Anda di halaman 1dari 4

D.

Aspek Sinkronik dan Diakronik Kata Syaiṭān

Istilah sinkronik dan diakronik secara sederhana dapat dipahami sebagai suatu
analisis terhadap kosakata yang titik tekannya terhadap waktu atau sejarah kosakata
tersebut. istilah ini, menjelaskan tentang perkembangan suatu kosakata yang dipahami
oleh masyarakat tertentu pada masa tertentu. Sebab, suatu kosakata tidak hanya
sekedar susunan kata-kata namun juga membawa serta pandangan dunia, kultur dan
prasangka-prasangka masyarakat yang memakainya, Al-Qur’an sebagai kitab suci
umat muslim tidak dapat lepas dari unsur ini. Bagaimanapun, al-Qur’an mengandung
banyak kosakata yang tidak lahir dari ruang hampa. Kosakata dalam al-Qur’an
mengandung kesejarahan kosakata kaitannya dengan bahasa masyarakat pada masa
itu. Dalam pengertiannya, sinkronik adalah aspek kata yang tidak mengalami
perubahan baik dari segi konsep atau kata. kata yang tergolong singkronik ialah kata
yang sistem kata tersebut bersifat statis.

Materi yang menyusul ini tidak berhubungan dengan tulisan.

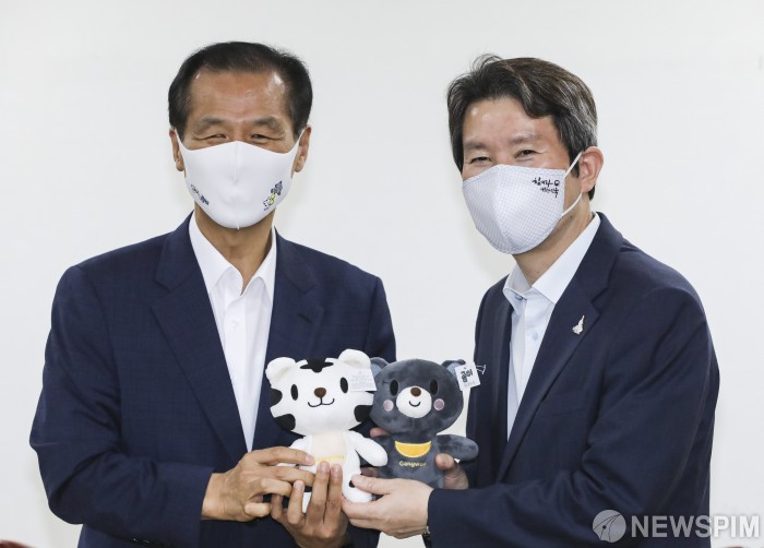 [서울=뉴스핌] 이한결 기자 = 이인영 통일부 장관(오른쪽)이 4일 오전 서울 종로구 정부서울청사 통일부 장관실에서 최문순 강원도지사와 함께 강원도 대표 캐릭터인 범이-곰이 인형을 든 채 기념촬영을 하고 있다. 2020.09.04 alwaysame@newspim.com
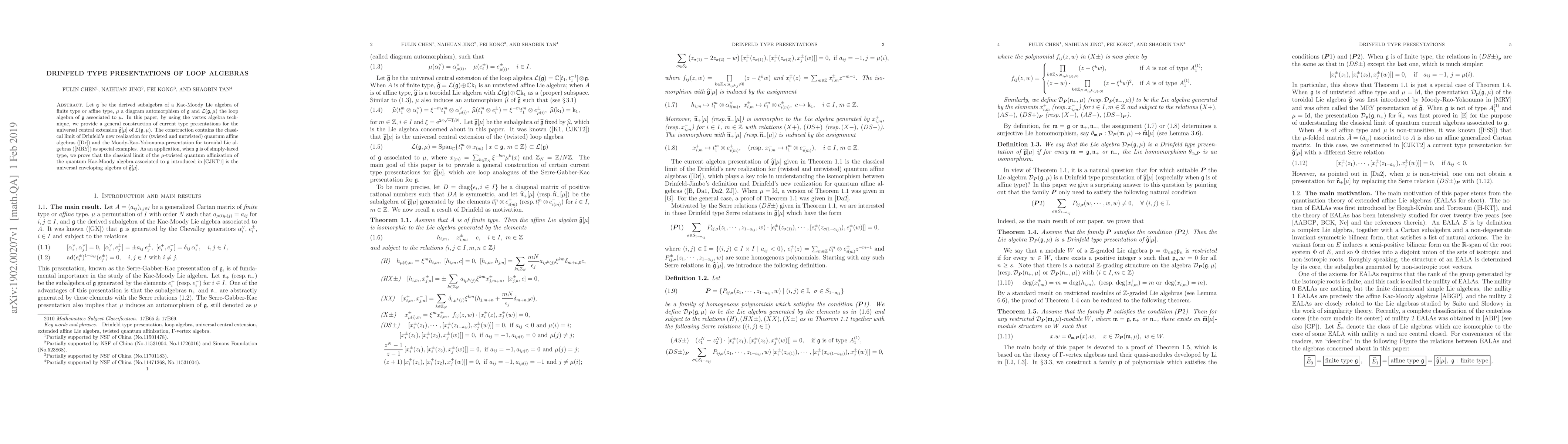 This paper constructs current type presentations for the universal central extension of loop algebras using vertex algebra techniques, generalizing Drinfeld's realization and the Moody-Rao-Yokonuma presentation. It also proves that the classical limit of the $\mu$-twisted quantum affinization of a quantum Kac-Moody algebra is the universal enveloping algebra of the corresponding extended loop algebra.

Sedangkan diakronik adalah aspek kata yang mengalami perubahan dari


konsep atau kata tersebut. dengan demikian kosakata yang tergolong diakronik adalah
kosakata yang tumbuh dan berusaha bebas dengan cara sendiri yang khas. Toshihiko
Izutsu menyederhanakan analisis semantik historis kosakata ini dalam tiga periode
waktu, yaitu: pra Qur’anik, Qur’anik dan pasca Qur’anik.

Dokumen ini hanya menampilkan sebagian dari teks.